Adjust
Pronunciation
- IPA: /əˈdʒʌst/
Origin
From Middle French adjuster, from Latin ad ("to, up to, towards") + iustus ("correct, proper, exact")
Full definition of adjust
Verb
- (transitive) To modify.
- 2013-08-10, A new prescription, As the world's drug habit shows, governments are failing in their quest to monitor every London window-box and Andean hillside for banned plants. But even that Sisyphean task looks easy next to the fight against synthetic drugs. No sooner has a drug been blacklisted than chemists adjust their recipe and start churning out a subtly different one.
- Morimoto's recipes are adjusted to suit the American palate.

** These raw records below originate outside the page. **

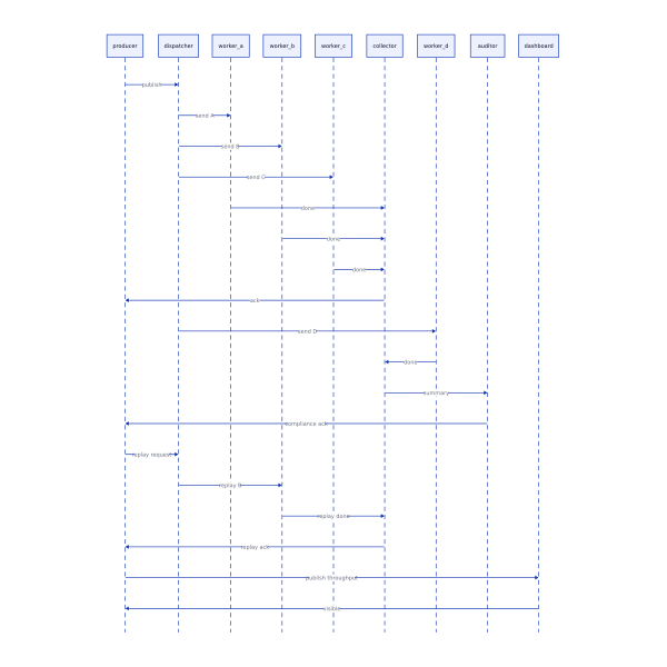Fan-out event dispatch with multi-worker completion acknowledgement. Enterprise variant that adds replay workflow and throughput dashboard publication.
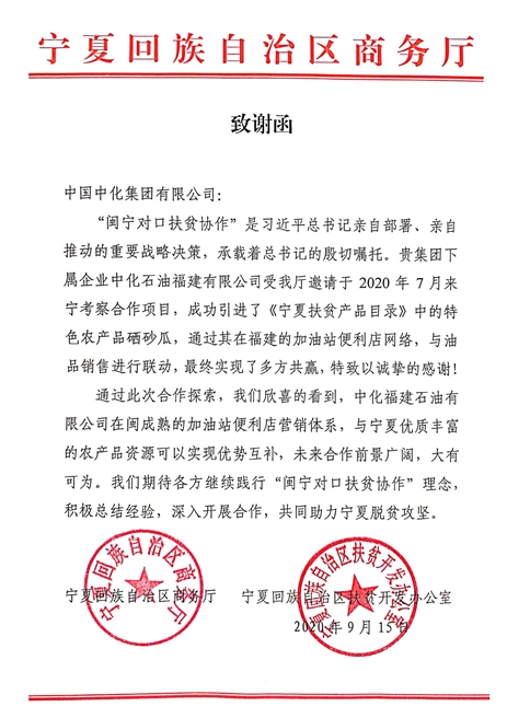 9月15日,寧夏回族自治區(qū)商務(wù)廳、寧夏回族自治區(qū)扶貧開(kāi)發(fā)辦公室向中化集團(tuán)發(fā)來(lái)致謝函,充分肯定中化石油銷(xiāo)售公司下屬福建石油公司為當(dāng)?shù)孛撠毠?jiān)所作努力,并致以誠(chéng)摯感謝。 致謝函中寫(xiě)道,“閩寧對(duì)口扶貧協(xié)作”是習(xí)近平總書(shū)記親自部署、親自推動(dòng)的重要戰(zhàn)略決策,承載著總書(shū)記的殷切囑托。中化石油福建有限公司受邀于2020年7月來(lái)寧考察合作項(xiàng)目,成功引進(jìn)了《寧夏扶貧產(chǎn)品目錄》中的特色農(nóng)產(chǎn)品硒砂瓜,通過(guò)其在福建的加油站便利店網(wǎng)絡(luò),與油品銷(xiāo)售進(jìn)行聯(lián)動(dòng),最終實(shí)現(xiàn)了多方共贏,特致以誠(chéng)摯的感謝!”
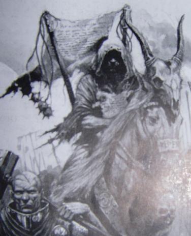 Seit dem Tag als ich das erste mal das Imperium Armeebuch (6.Edition) in der Hand hielt und durchblätterte war mir eines klar, so einen düsteren Reiter, wie der auf dem Bild auf der Seite mit den Flagellanten (Seite 17, bzw unten ist ein Bildausschnitt) wollte ich auch haben!
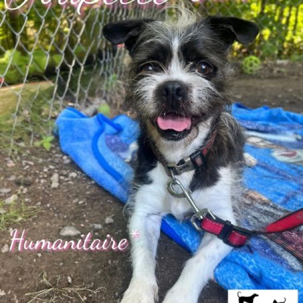 Toupette est en adoption humanitaire, puisqu’elle a un souffle cardiaque et une douleur aux hanches.
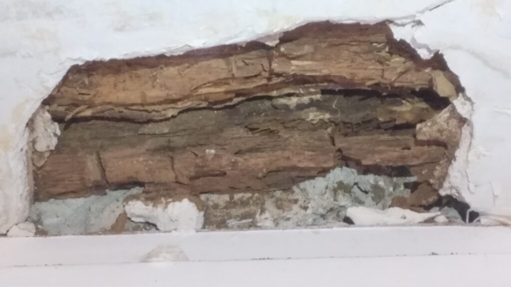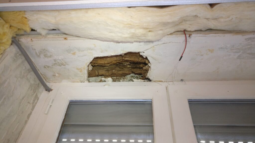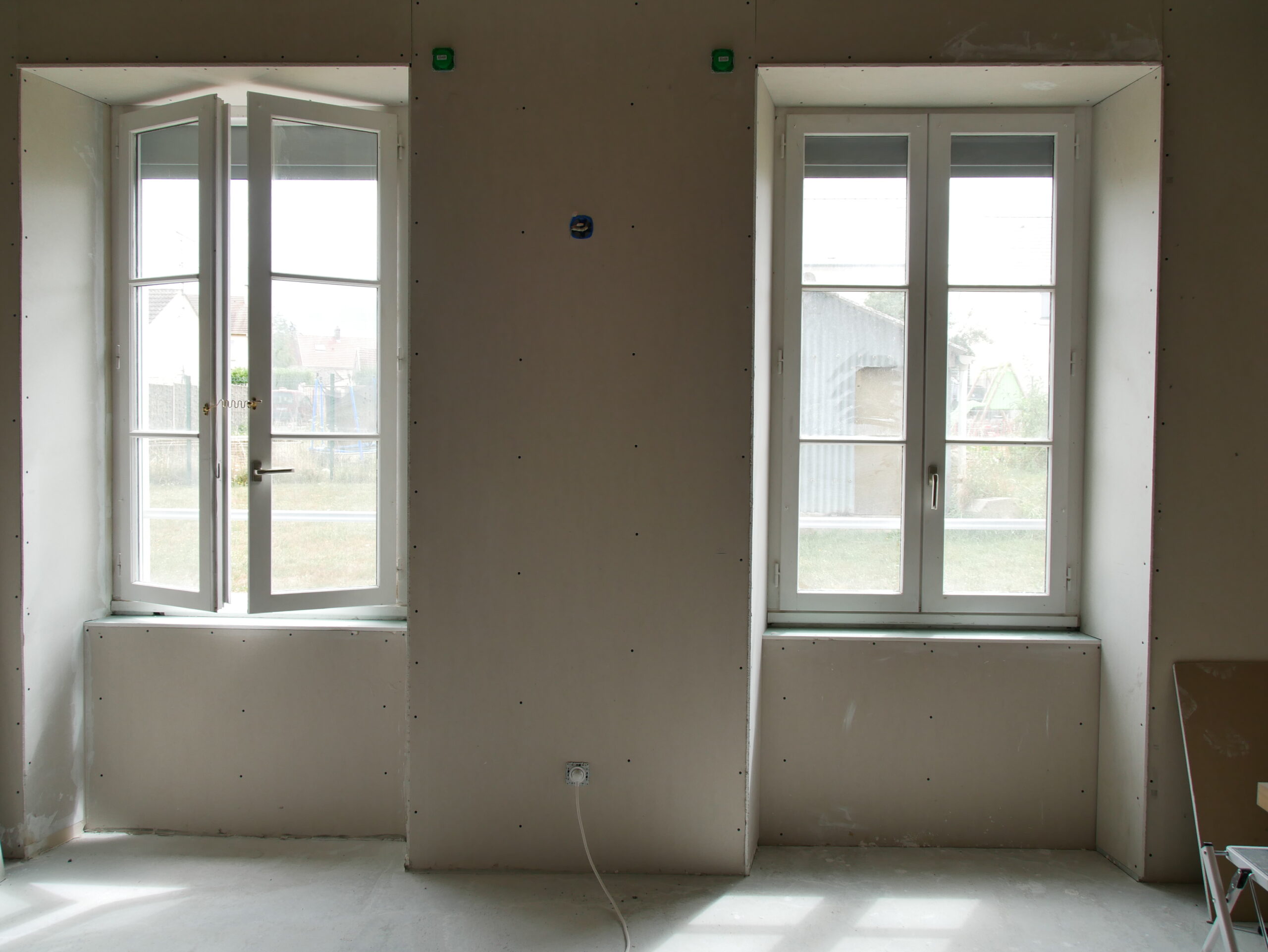 Par contre pour la fenêtre de droite j’ai eu un petit soucis… j’avais commencé à faire le piochage des murs pour faire tenir le MAP il y a 15 jours.. mais je suis passé à travers le plâtre existant et je me suis rendu compte qu’une partie du linteau en bois était pourri. J’ai dû tout ouvrir et gratter. J’en ai profité pour passer une petite couche de xylo… Le maçon présent m’a dit que niveau solidité c’était encore bon donc…. gogogo 🙂
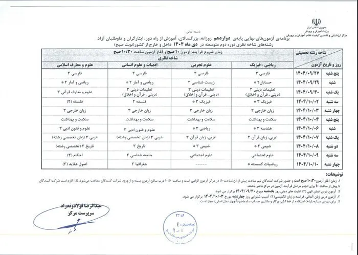 برنامه آزمون نهایی پایه دوازدهم روزانه، بزرگسال آموزش از راه دور ایثارگران و داوطلب آزاد رشتههای شاخه نظری دوره دوم آموزش متوسطه در نوبت دی ماه سال تحصیلی ۱۴۰۵-۱۴۰۴ اعلام شد.
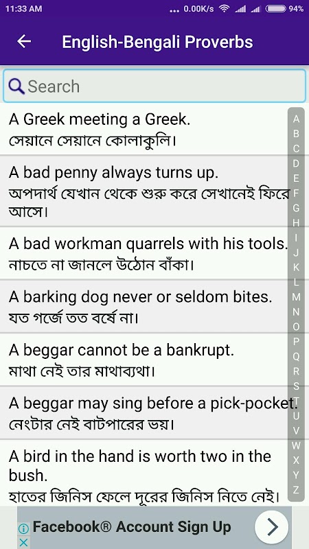 - Przeglądaj przysłowie według alfabetu angielskiego lub bengalskiego
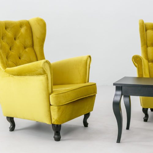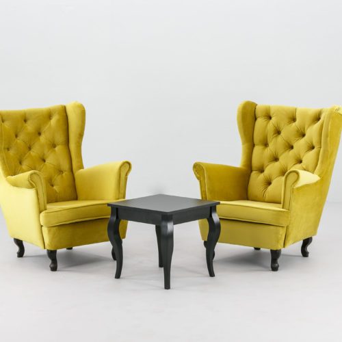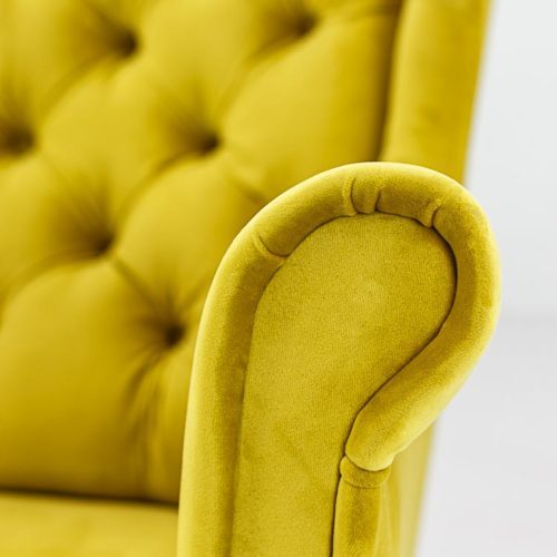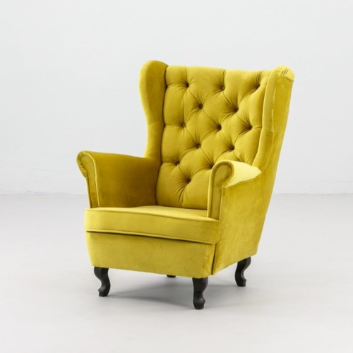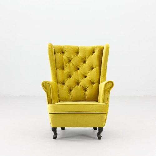 Klasyczny fotel Hampton Gold w luksusowym, żółtym odcieniu złota z tkaniny premium. Wysokie podłokietniki i pikowane oparcie z dekoracyjnymi guzikami. Idealny na eventy premium i eleganckie przyjęcia. Wymiary: głębokość 85 cm, szerokość 75 cm, wysokość 104 cm. Dostępnych 6 sztuk.
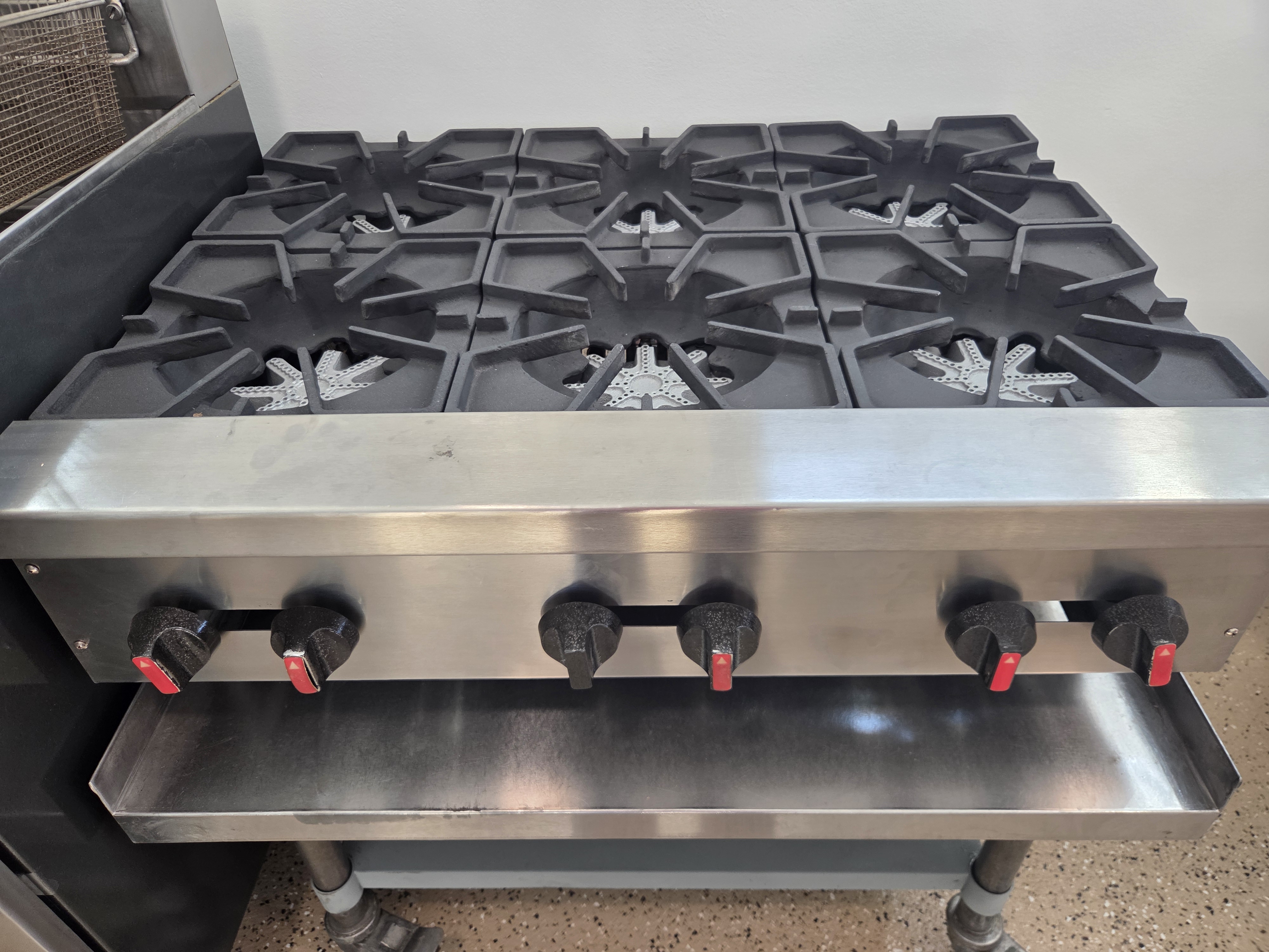 REFURBISHED...4 burner hotplate and a 4 ft griddle both natural gas and sitting inside a stainless steel equipment stand
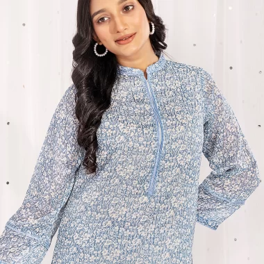 Female Band Collar- Neck Details Long Kameez | Blue White
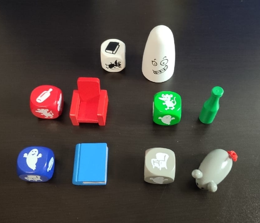 Su contenido es llamativo: 5 dados de madera bien grandes de colores cuyas caras están personalizadas para mostrar los objetos que deberemos ser capaces de coger en cada turno. También en madera, muy realistas y vistosos, tenemos de un tamaño más que aceptable las 5 figuras de ratón, libro, sofá, botella y fantasma que tanto usaremos durante nuestras partidas. Por último, encontramos unas fichas de madera amarillas que usaremos para ir contabilizando puntos cuando ganemos en cada ronda.
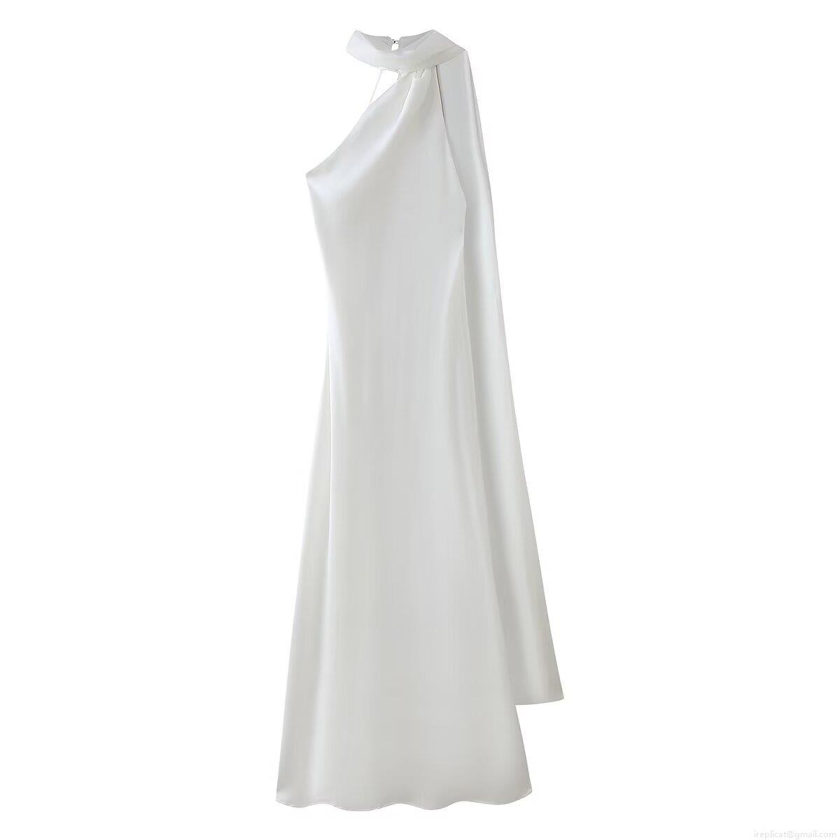 • Women's Elegant Halter Neck Satin Maxi Dress Sleeveless Backless Long Evening Party Dress Solid Color Silk Texture Slim Fit Formal Gown For Wedding Prom Cocktail
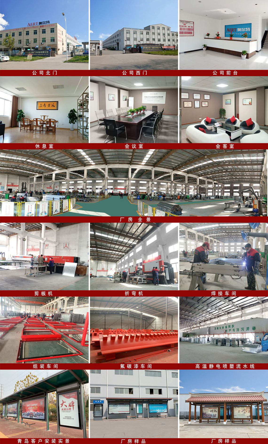 公司擁有設計、生產能力,有專業產品設計、工藝研發工程師5人,現有生產面積10000平方米,員工200余人,已經形成以公交候車亭為主線的專業團隊。公司先后引進了一批最新型的數控折彎機、數控剪板機、數控等離子切割機、數控沖床等加工設備和噴塑流水線,滿足了不同規格的鋼結構、不銹鋼和鋁型材加工工藝和質量的需求。

- (transitive) To improve or rectify.
- 2013-06-01, Towards the end of poverty, But poverty’s scourge is fiercest below $1.25 (the average of the 15 poorest countries’ own poverty lines, measured in 2005 dollars and adjusted for differences in purchasing power): people below that level live lives that are poor, nasty, brutish and short.
- He adjusted his initial conclusion to reflect the new data.
- (transitive) To settle an insurance claim.
- (intransitive) To change to fit circumstances.Most immigrants adjust quickly to a new community. She waited for her eyes to adjust to the darkness.